- **What this task involves**: Beneath this line is the data. Output exactly the lines from the line with "警民攜手守護台南 王正坤醫師春酒慰勞警一分局員警 凝聚治安守護力量-經濟日報-強勢新聞" to the line with "- ✨ Luxury 3", both ends included, and nothing more.

- **Data for this exercise**:

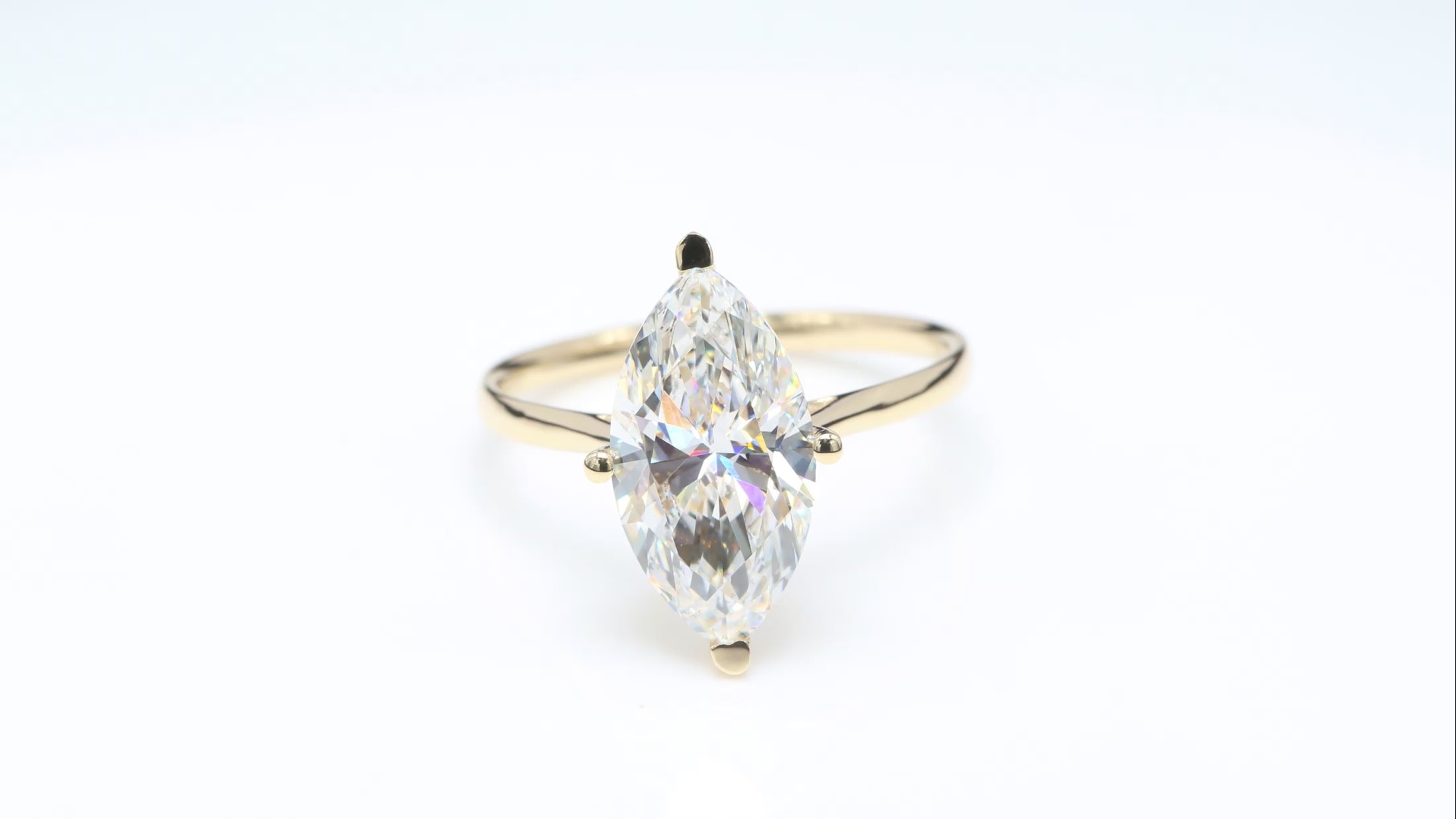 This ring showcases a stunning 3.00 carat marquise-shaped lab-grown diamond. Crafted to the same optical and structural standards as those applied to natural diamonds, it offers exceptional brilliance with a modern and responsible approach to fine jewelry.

---

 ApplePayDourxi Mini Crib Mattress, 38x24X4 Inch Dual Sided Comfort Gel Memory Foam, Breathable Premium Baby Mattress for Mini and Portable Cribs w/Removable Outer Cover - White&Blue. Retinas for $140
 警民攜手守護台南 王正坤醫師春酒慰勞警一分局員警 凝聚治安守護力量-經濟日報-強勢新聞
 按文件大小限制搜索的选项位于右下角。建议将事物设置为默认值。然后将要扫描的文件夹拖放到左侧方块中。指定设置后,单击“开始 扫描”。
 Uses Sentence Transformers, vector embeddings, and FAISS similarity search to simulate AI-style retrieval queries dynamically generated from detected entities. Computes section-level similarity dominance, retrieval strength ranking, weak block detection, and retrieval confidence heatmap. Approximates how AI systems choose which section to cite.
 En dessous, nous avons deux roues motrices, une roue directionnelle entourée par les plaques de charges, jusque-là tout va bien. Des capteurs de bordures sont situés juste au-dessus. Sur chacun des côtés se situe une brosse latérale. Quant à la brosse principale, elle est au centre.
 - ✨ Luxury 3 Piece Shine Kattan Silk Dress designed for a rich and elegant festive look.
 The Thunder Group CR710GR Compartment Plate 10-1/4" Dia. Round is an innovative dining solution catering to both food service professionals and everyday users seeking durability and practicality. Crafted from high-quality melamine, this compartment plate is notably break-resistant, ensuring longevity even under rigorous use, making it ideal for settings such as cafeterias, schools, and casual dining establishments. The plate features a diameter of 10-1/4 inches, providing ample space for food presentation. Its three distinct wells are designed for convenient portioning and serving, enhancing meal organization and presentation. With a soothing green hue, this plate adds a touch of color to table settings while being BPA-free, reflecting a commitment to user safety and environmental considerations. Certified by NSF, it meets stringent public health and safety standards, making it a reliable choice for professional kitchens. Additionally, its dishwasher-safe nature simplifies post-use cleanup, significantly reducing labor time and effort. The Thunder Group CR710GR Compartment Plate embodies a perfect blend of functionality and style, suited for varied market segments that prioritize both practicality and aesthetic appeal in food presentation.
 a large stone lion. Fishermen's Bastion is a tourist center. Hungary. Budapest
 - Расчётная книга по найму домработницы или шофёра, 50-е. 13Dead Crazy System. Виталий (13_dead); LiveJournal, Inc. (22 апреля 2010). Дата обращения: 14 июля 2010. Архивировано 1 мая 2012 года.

- **Solution**:
 警民攜手守護台南 王正坤醫師春酒慰勞警一分局員警 凝聚治安守護力量-經濟日報-強勢新聞
 按文件大小限制搜索的选项位于右下角。建议将事物设置为默认值。然后将要扫描的文件夹拖放到左侧方块中。指定设置后,单击“开始 扫描”。
 Uses Sentence Transformers, vector embeddings, and FAISS similarity search to simulate AI-style retrieval queries dynamically generated from detected entities. Computes section-level similarity dominance, retrieval strength ranking, weak block detection, and retrieval confidence heatmap. Approximates how AI systems choose which section to cite.
 En dessous, nous avons deux roues motrices, une roue directionnelle entourée par les plaques de charges, jusque-là tout va bien. Des capteurs de bordures sont situés juste au-dessus. Sur chacun des côtés se situe une brosse latérale. Quant à la brosse principale, elle est au centre.
 - ✨ Luxury 3 Piece Shine Kattan Silk Dress designed for a rich and elegant festive look.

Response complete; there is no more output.